Alfa Laval

Architected Alva — a production multi-agent AI platform orchestrating 10+ LLMs through a unified chat interface. Built the full stack end-to-end: React UI, .NET 8 orchestrator, Python/FastAPI agent service, Azure infrastructure as code.

10+

LLMs orchestrated

Services in pipeline

GB → MB

Docker context reduced

All

Architecture layers owned

The brief

Alfa Laval needed an enterprise-grade GenAI platform — not a prototype. One unified interface to route conversations across multiple LLM providers (OpenAI, Anthropic, Mistral, Meta, xAI, DeepSeek), with proper document understanding, tool use, and the observability that operations teams actually need.

What I designed

A ReAct-style reasoning agent on LlamaIndex with FastAPI, fronted by a .NET 8 orchestrator following Clean Architecture, and a React UI. The orchestrator brokers streaming responses end-to-end so the user sees tokens as fast as the model produces them. The Python service handles tool-use: web search (Tavily), RAG retrieval, image generation (FLUX), analytics, and chart generation.

The RAG pipeline is the full stack: document parsing for PDF, DOCX, PPTX, XLSX, and images via OCR; chunking tuned per document type; embeddings via Azure OpenAI; vector retrieval from PostgreSQL with pgvector. Documents are processed async via Azure Functions so the chat API never blocks.

Infrastructure is Bicep — every resource, every RBAC assignment, every role grant parameterized per service identity (API, agent, MCP, RAG). ACR prod isolation uses an image-promotion pattern so prod only pulls verified Test images, never direct builds.

What I shipped on the DevOps side

Unified CI/CD pipeline across 7 services (BE, AI agent, UI, infra, MCP server, two RAG parsers) — single Alva.yaml with Detect / Build / Deploy / E2E stages.
Selective-component builds — pipeline detects changed components and skips the rest, cutting build time significantly.
Parallel deploys — fan-out across BE/AI/UI/MCP/RAG after infra, reducing wall time.
QA sign-off gate between Test and Prod with partial-run handling for hotfixes.
Consolidated coverage reports across .NET (xUnit) and Python (pytest) into a single Azure DevOps report.
Dockerfile optimization — trimmed RAG service build context from multi-GB to MB via .dockerignore discipline.

Outside core scope (range)

Delivered the Admin Configuration Panel — agents, models, terms, and policies CRUD with file upload for policy documents.
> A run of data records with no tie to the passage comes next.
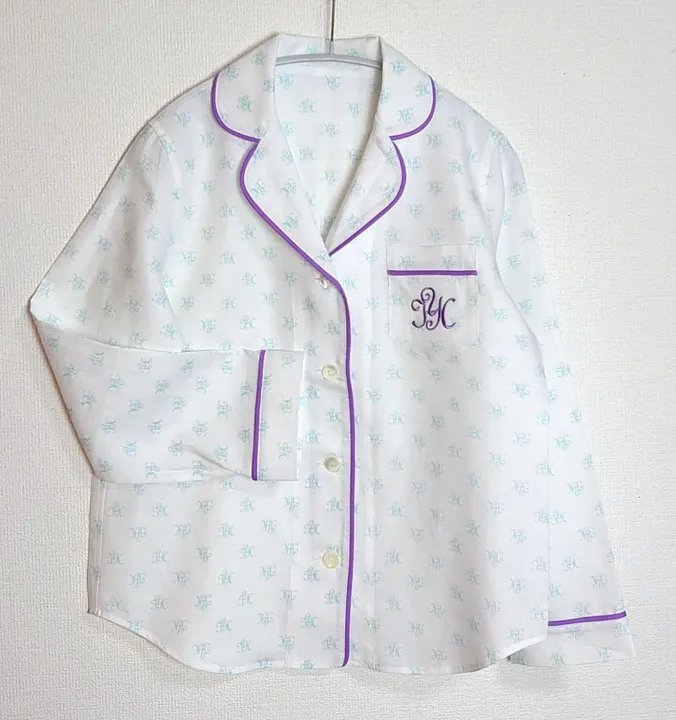 高級アイリッシュリネンを代表するハードマンズの高密度リネン生地で作ったパジャマです。 ヒデコ&ヨーゴホーム初のロゴをプリントした生地で特別感のある1着になりました。 60番手の糸を高密度に織った生地は、シワになりにくく、張りがありしっかりしているので、お洗濯しても驚くほど型崩れしません。 パイピングテープと同色の胸ポケット刺繡がフレンチシックな大人っぽさを醸し出しています。 縫い合わせはすべて折伏せ縫いになっているので、引っ掛かりがなく、ほつれる心配がありません。共布の袋は付いておりませんが、旅行用にロゴ入りの巾着袋をお付けしております。 ■レディースパジャマサイズ(平置き寸法) M 着丈61㎝、身幅(胸囲)50㎝、袖丈55㎝、アームホール18㎝、パンツ股下61㎝、パンツヒップ52㎝ L 着丈63㎝、身幅(胸囲)52㎝、袖丈57㎝、アームホール19㎝、パンツ股下64㎝、パンツヒップ55㎝ LL 着丈65㎝、身幅(胸囲)54㎝、袖丈58㎝、アームホール21㎝、パンツ股下64㎝、パンツヒップ57㎝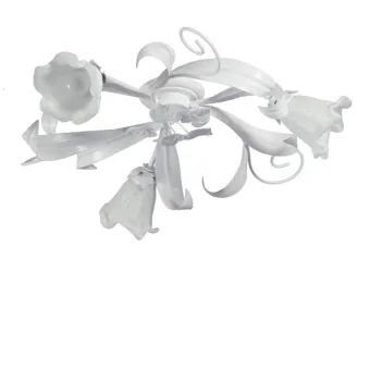Lámpara de techo clásica floral acabada con hojas y pequeñas campanas de cristal que difunden la luz por toda la estancia. Una lámpara de techo para adaptar en una decoración clásica o en un estilo shabby chic donde iluminación y mobiliario encuentran una combinación perfecta en cualquier estancia. Un producto Made in Italy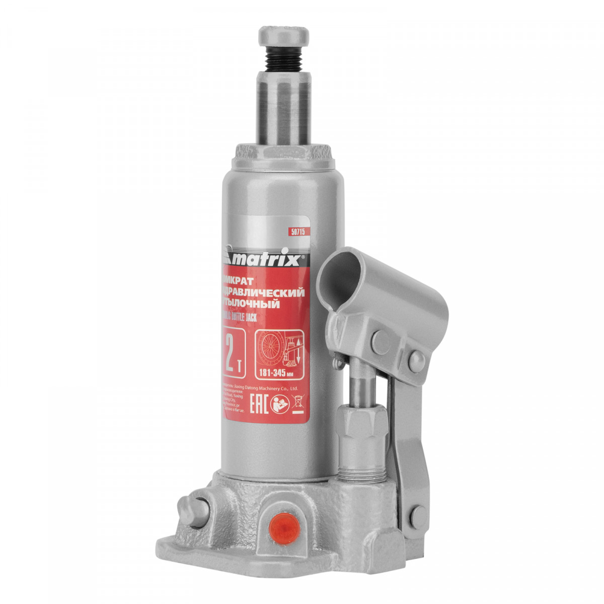 Домкрат гидравлический бутылочный, 2 т, высота подъема 181-345 мм Matrix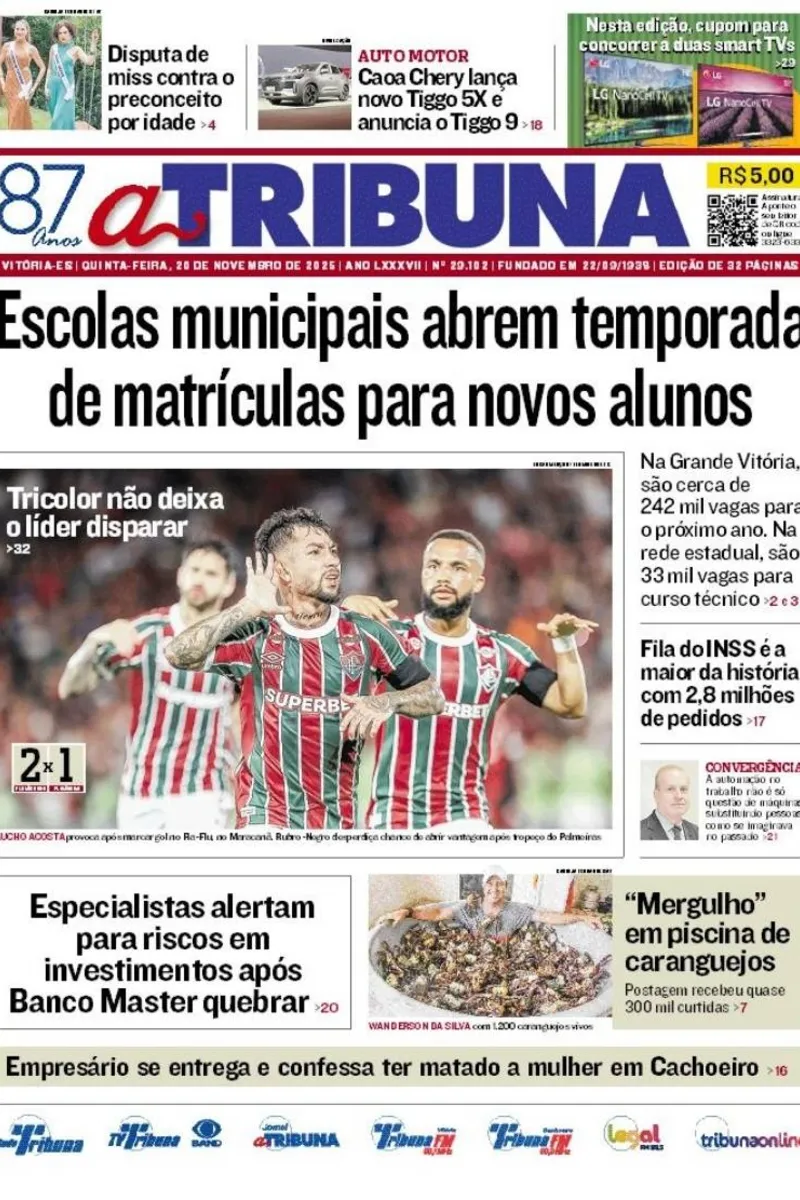 A edição do jornal A Tribuna desta quinta-feira, 20 de novembro, traz em destaque que escolas municipais abrem temporada de matrículas para novos alunos.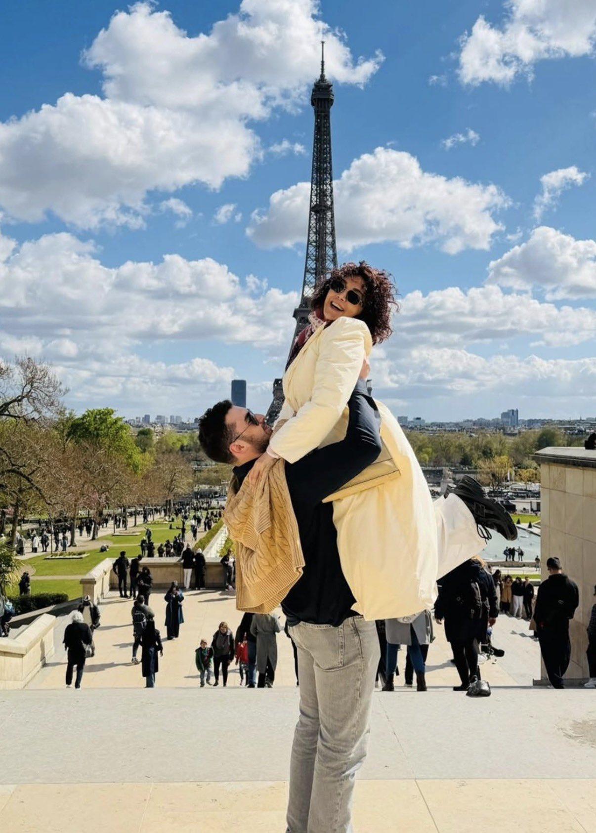 في صور عفوية من باريس، ظهرت الممثلة كاريس بشار مع ابنها مجد الجواد أمام برج Eiffel Tower، حيث التُقطت لحظات بسيطة جمعت بينهما خلال تواجدهما في العاصمة الفرنسية، وسط أجواء هادئة وبعيدة عن التكلف، عكست علاقة قريبة وطبيعية بين الأم وابنها.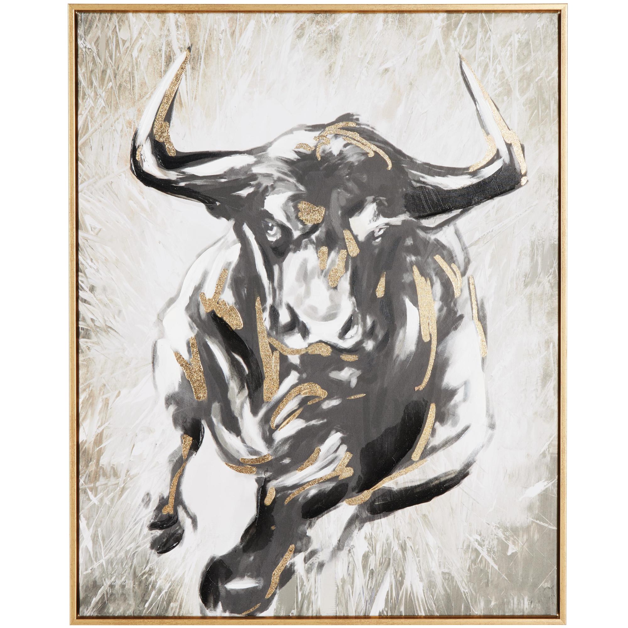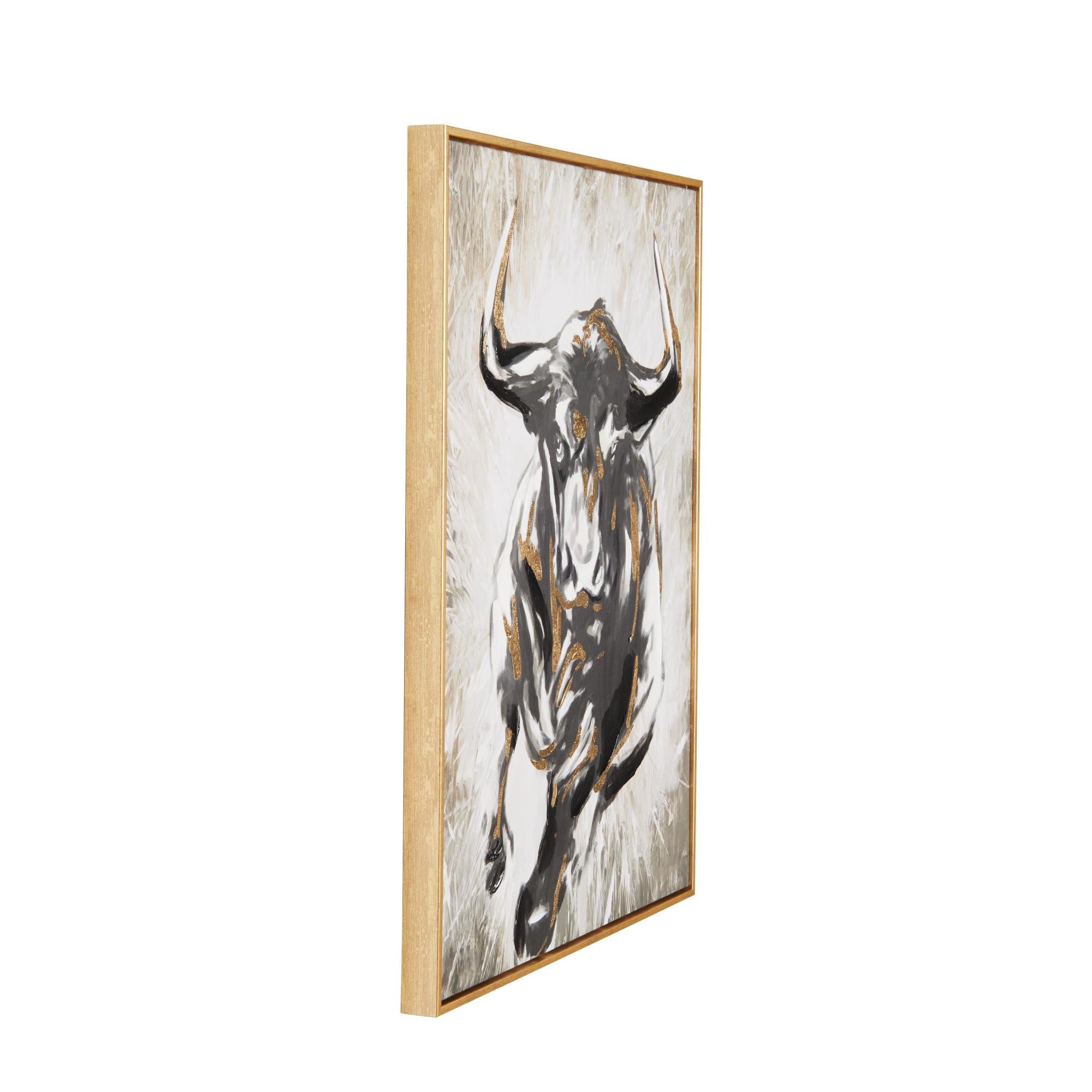 •The canvas framed wall art features a textured design of a bull in mid-run, adorned with foil accents that will make an impression in any space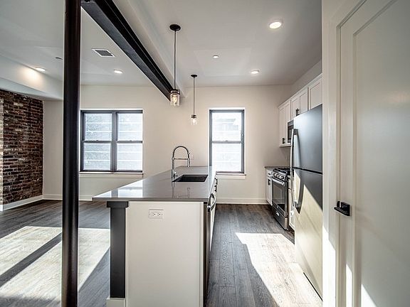 Experience modern loft-style city living at the brand new Printing Press Lofts. This top floor 2 bed 2 bath features a modern kitchen with GE stainless steel appliances, granite countertops, and an oversized island that overlooks a large living area with high ceilings, exposed beams, beautiful hardwood floors, original brick accent walls, a private balcony and washer/dryer. Each unit offers its own individual central heating/cooling and air filtration system, shared access to an expansive roof deck with ocean and city views, a dedicated storage unit, plus bike racks in the basement. Located near Central-Maverick Square in East Boston, this 1915 historic building once housed the headquarters of the East Boston Times newspaper and numerous printing presses. With a Walk Score of 97 out of 100, residents can access local grocery supermarkets, retail shopping, restaurants, Boston Harborwalk and the Maverick T blue line (0.6 mi) with direct access to Downtown Boston and Logan Airport

React + .NET API + validation, merged to prod.

Why it matters

Most enterprise GenAI stalls at the prototype. This one reached production because the architecture was designed for ops on day one: observability via OpenTelemetry and Application Insights, streaming latency management, structured error handling, identity-per-service, and an E2E test suite that catches regressions before customers see them.